◆ Data provided
*** Begin section ***

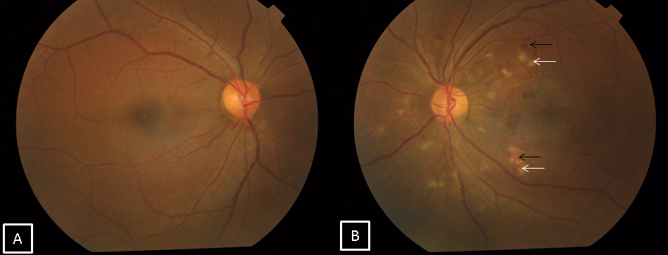 Figure 2: A) Normal fundus of the right eye. B) Fundus of the left eye showing multiple cotton wool spots (white arrows) with superficial retinal hemorrhages (black arrows) on the posterior pole.
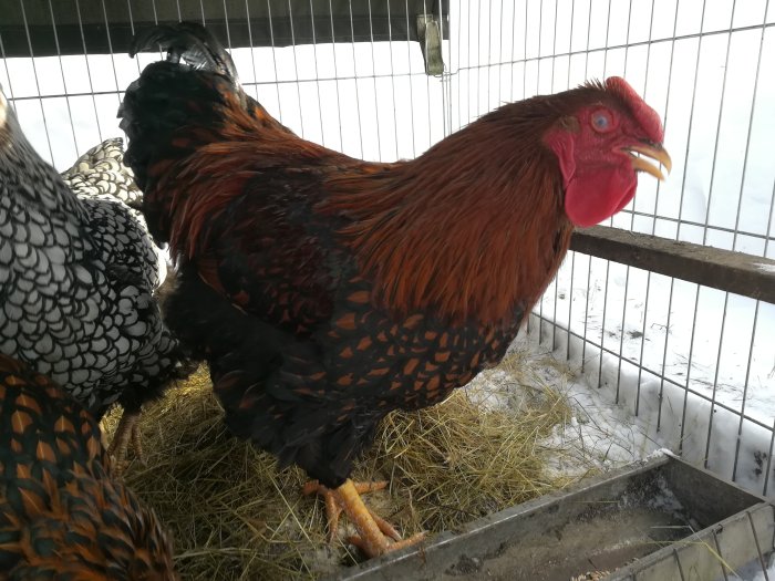 Prodám čistokrevného kohouta wyandotky velké, zlaté, černě lemované. Toto plemeno je vhodné i do chladnějších oblastí, růžicový hřeben neomrzá.
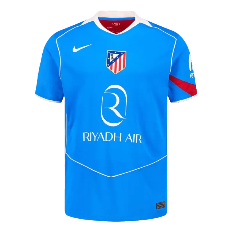 Zapafootball proudly presents theAtletico Madrid Third Away Soccer Jersey 2025/26, a stunning tribute to the legendary T90 era. ThisAtletico Madrid jerseyshowcases a modern twist on nostalgia, combiningPhoto Blue,Sport Red, andWhite— a color scheme that echoes the beloved 21/22 season. Designed using Nike’sTotal 90 2025 template, thisAtletico Madrid football jerseyblends heritage and innovation for fans who live and breathe the red and white spirit.
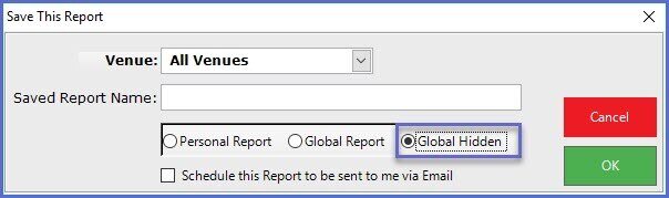 All Saved Reports that an Operator has privileges granted to view will be displayed, whether it had been marked as Global Hidden, Global Report, or Personal Report

*** End section ***

◆ Task
Reproduce, exactly and with no pictures, the lines from the line containing "Prodám čistokrevného kohouta" through the closing line of the data above, keeping both ends.

◆ Solution to this exercise
 Prodám čistokrevného kohouta wyandotky velké, zlaté, černě lemované. Toto plemeno je vhodné i do chladnějších oblastí, růžicový hřeben neomrzá.
 Zapafootball proudly presents theAtletico Madrid Third Away Soccer Jersey 2025/26, a stunning tribute to the legendary T90 era. ThisAtletico Madrid jerseyshowcases a modern twist on nostalgia, combiningPhoto Blue,Sport Red, andWhite— a color scheme that echoes the beloved 21/22 season. Designed using Nike’sTotal 90 2025 template, thisAtletico Madrid football jerseyblends heritage and innovation for fans who live and breathe the red and white spirit.
 All Saved Reports that an Operator has privileges granted to view will be displayed, whether it had been marked as Global Hidden, Global Report, or Personal Report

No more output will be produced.